── MATERIAL SUPPLIED
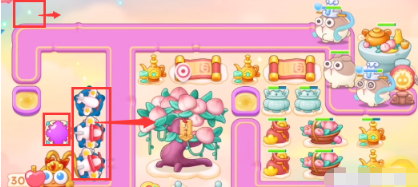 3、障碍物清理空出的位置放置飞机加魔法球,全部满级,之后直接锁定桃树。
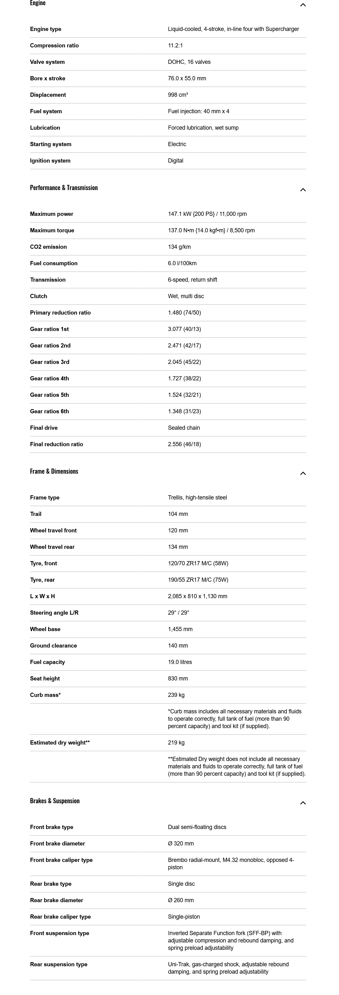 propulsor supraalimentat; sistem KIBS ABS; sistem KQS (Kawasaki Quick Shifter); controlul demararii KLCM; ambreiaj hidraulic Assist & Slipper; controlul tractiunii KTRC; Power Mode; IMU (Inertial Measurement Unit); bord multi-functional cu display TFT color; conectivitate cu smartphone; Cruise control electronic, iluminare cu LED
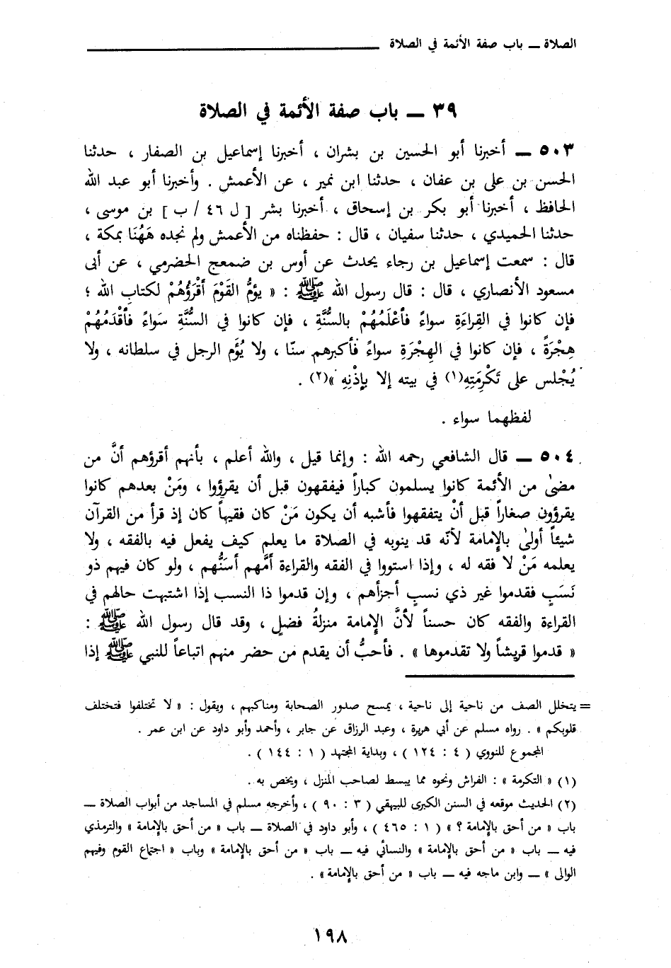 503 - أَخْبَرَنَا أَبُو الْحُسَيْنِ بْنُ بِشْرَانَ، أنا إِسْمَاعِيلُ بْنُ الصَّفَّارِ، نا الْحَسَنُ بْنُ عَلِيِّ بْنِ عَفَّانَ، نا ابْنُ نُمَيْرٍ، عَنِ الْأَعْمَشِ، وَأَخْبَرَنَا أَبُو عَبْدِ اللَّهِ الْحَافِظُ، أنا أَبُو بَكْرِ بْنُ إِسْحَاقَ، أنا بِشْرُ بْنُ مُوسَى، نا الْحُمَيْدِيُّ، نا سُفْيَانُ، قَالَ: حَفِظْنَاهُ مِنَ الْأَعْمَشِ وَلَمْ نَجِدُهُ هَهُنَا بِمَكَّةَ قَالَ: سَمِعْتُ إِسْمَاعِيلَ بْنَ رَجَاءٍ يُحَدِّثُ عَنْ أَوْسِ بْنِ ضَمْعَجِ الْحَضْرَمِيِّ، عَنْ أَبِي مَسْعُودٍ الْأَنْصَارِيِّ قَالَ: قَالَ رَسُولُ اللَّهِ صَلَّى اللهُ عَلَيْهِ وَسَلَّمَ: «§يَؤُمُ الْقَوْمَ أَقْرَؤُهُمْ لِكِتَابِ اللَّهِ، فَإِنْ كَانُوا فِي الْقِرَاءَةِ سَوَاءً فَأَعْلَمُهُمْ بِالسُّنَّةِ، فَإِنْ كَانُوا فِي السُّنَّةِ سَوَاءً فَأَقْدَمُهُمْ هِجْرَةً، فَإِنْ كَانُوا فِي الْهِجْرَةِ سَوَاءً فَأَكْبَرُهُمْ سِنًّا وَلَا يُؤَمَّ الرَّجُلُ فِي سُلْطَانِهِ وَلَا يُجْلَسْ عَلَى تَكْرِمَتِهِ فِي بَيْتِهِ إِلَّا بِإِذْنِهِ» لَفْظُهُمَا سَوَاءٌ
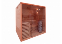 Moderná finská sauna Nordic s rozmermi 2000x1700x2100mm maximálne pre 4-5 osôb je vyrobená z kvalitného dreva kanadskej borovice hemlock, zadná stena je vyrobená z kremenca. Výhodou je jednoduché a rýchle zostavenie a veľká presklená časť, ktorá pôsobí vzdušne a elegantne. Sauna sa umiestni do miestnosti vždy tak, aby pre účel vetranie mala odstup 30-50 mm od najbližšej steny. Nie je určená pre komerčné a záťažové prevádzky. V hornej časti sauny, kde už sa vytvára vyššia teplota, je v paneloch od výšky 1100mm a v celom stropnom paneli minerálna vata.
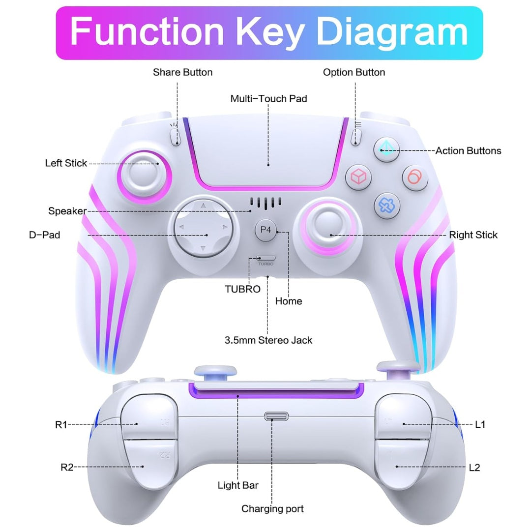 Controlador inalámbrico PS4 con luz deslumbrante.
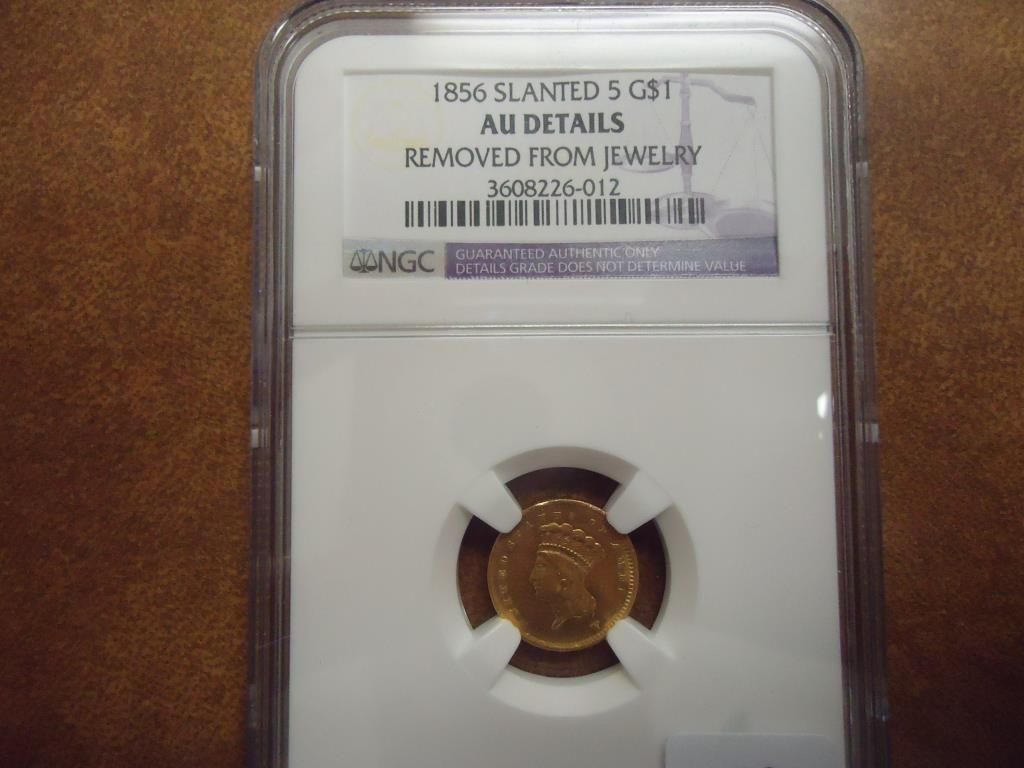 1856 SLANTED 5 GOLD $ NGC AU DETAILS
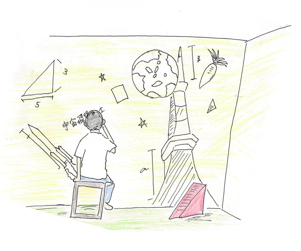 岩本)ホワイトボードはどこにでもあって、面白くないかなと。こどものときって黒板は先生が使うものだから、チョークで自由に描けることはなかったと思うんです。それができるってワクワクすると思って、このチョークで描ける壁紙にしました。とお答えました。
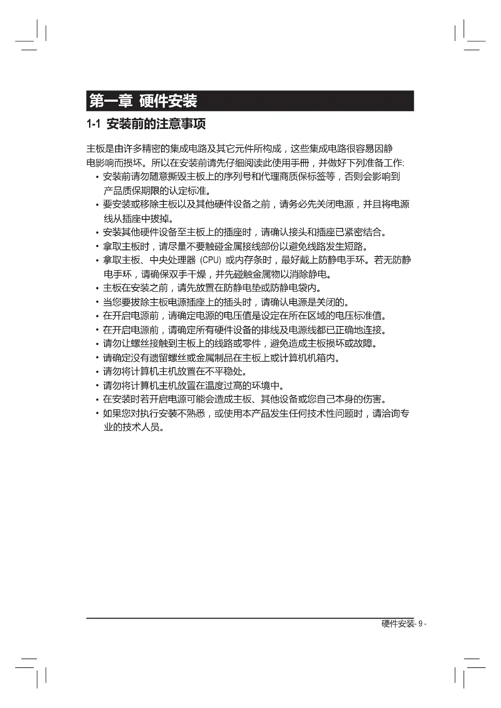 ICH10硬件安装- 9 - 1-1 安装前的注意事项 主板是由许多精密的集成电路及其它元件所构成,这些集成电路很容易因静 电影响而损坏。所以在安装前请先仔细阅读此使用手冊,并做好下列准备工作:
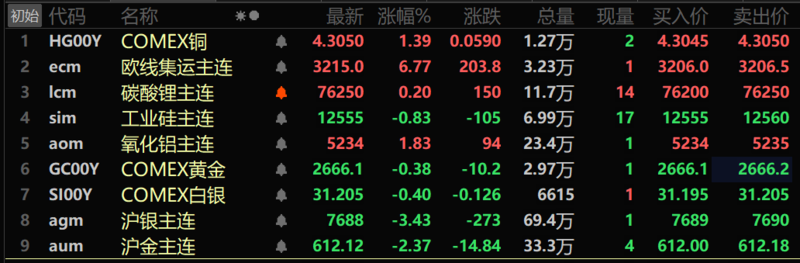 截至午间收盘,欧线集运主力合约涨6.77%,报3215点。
────
── MATERIAL SUPPLIED
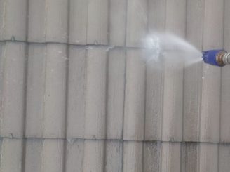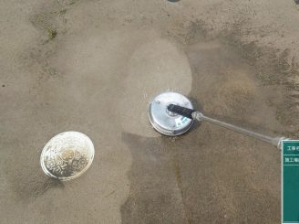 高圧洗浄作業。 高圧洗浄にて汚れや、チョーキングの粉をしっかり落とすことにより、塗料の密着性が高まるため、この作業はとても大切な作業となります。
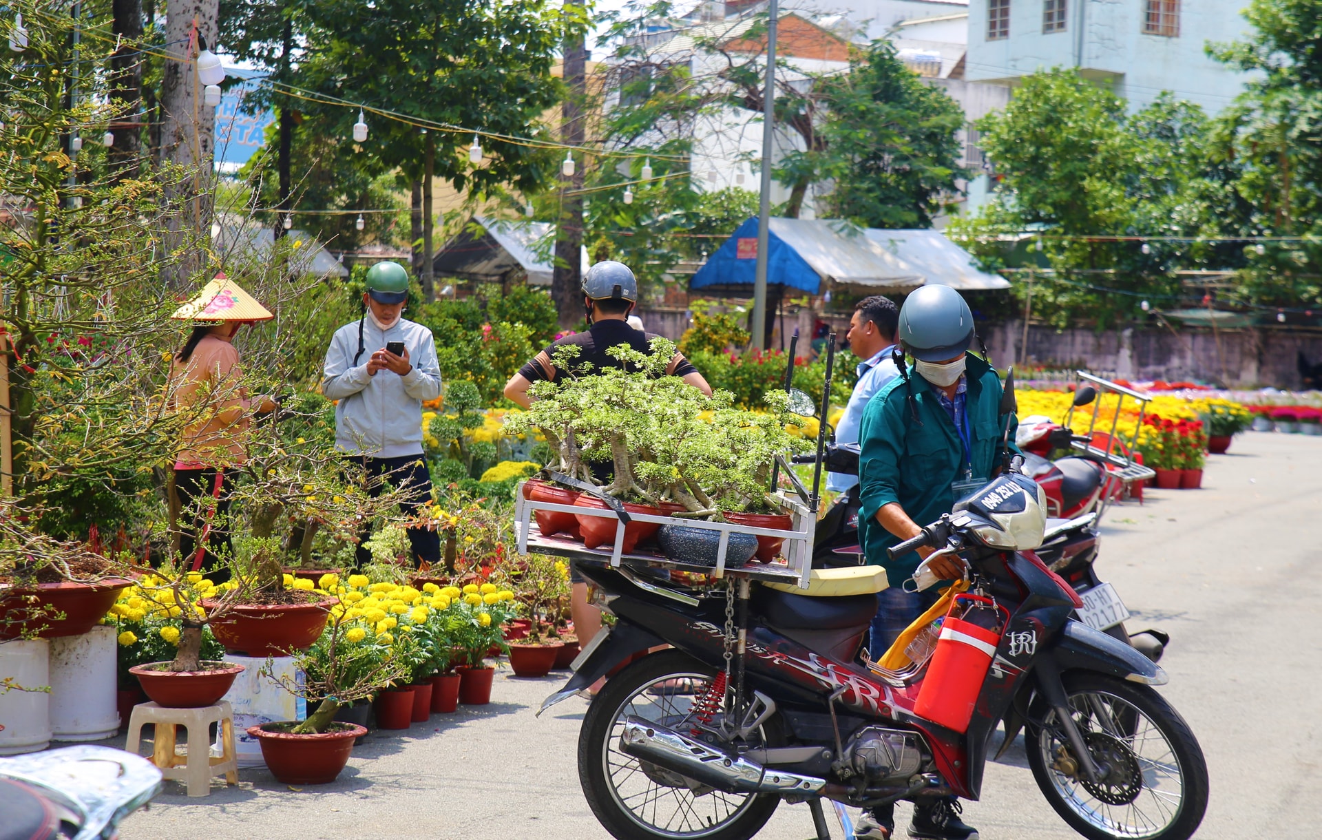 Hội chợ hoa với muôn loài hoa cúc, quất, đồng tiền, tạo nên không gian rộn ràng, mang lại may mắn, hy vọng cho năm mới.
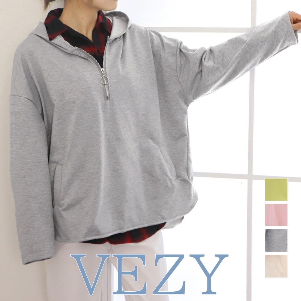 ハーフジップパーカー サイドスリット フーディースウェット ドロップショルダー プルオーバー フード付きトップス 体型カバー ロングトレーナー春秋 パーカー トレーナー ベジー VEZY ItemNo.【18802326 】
────
── MATERIAL SUPPLIED
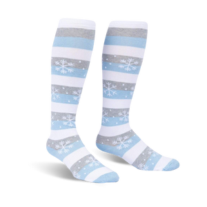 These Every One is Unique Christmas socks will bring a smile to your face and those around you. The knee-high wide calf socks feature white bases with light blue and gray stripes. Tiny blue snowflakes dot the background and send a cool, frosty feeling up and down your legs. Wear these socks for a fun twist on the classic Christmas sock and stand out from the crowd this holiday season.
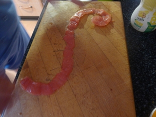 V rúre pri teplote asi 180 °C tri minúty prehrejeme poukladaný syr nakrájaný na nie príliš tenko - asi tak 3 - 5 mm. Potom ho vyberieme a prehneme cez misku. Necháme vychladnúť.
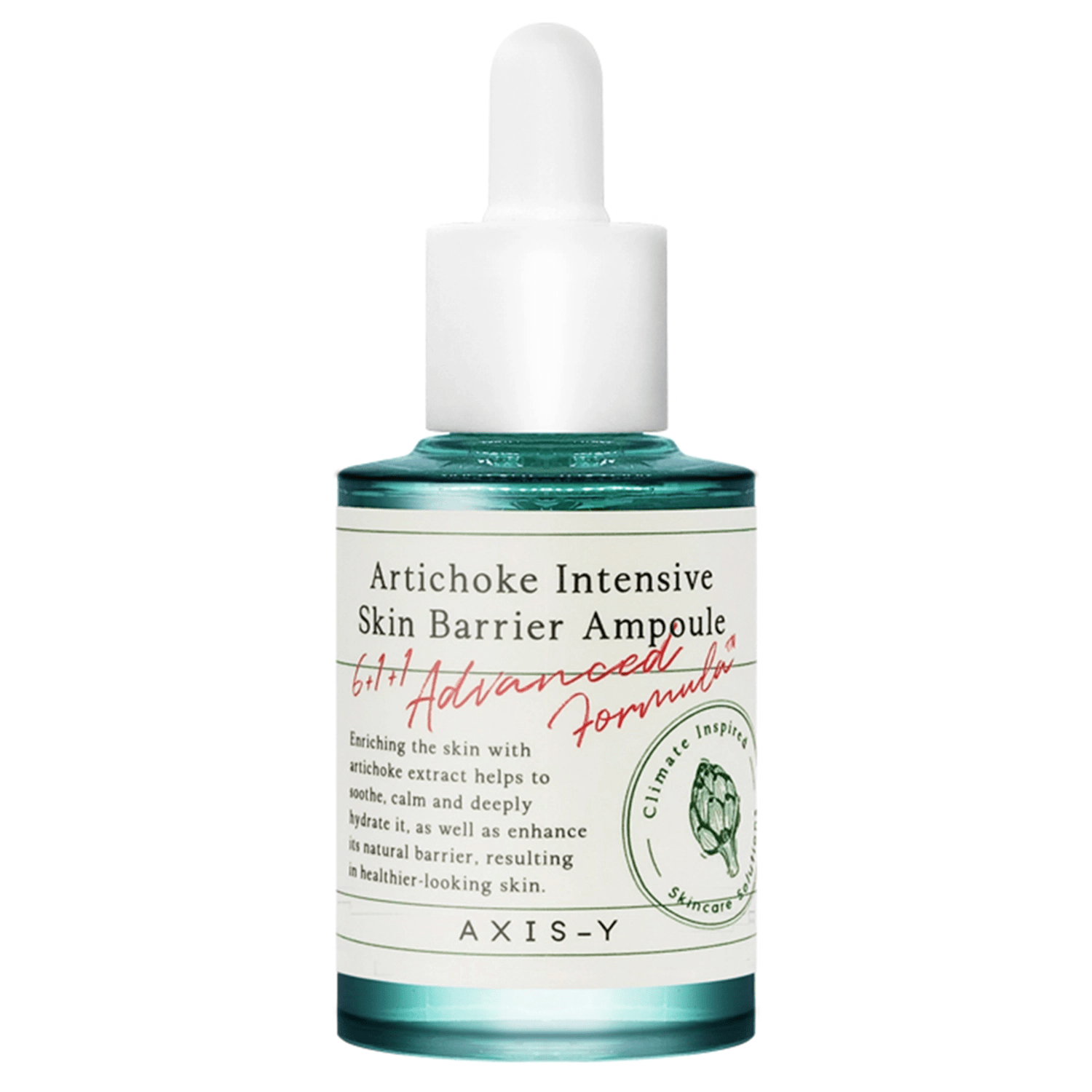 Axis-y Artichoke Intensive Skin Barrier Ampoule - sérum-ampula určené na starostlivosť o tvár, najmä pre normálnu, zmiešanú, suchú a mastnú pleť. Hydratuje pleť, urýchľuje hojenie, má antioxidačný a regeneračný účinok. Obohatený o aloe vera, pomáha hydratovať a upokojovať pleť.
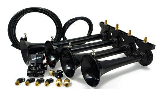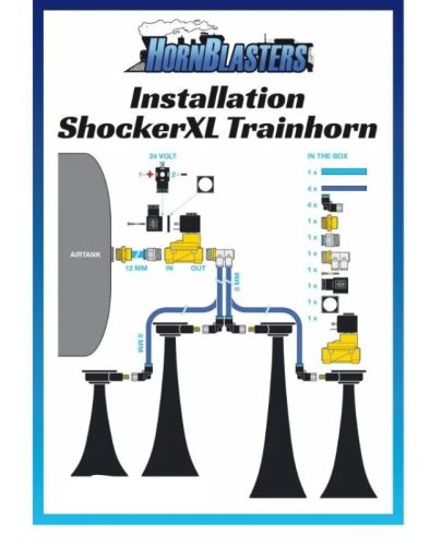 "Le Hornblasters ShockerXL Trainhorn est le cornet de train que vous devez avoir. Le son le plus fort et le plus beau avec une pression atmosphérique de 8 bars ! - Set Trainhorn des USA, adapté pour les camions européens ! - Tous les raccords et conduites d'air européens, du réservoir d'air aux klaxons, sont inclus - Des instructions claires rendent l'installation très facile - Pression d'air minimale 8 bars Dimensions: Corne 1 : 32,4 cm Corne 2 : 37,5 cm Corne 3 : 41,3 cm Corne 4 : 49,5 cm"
────
## [EXERCISE INSTRUCTIONS]
Set the pictures aside and reproduce exactly the lines above, from the line holding "高圧洗浄作業。 高圧洗浄にて" through the line holding "ハーフジップパーカー サイドスリット フーディースウェット", both included, with nothing else.

## [OUTPUT FOR THIS TASK]
 高圧洗浄作業。 高圧洗浄にて汚れや、チョーキングの粉をしっかり落とすことにより、塗料の密着性が高まるため、この作業はとても大切な作業となります。
 Hội chợ hoa với muôn loài hoa cúc, quất, đồng tiền, tạo nên không gian rộn ràng, mang lại may mắn, hy vọng cho năm mới.
 ハーフジップパーカー サイドスリット フーディースウェット ドロップショルダー プルオーバー フード付きトップス 体型カバー ロングトレーナー春秋 パーカー トレーナー ベジー VEZY ItemNo.【18802326 】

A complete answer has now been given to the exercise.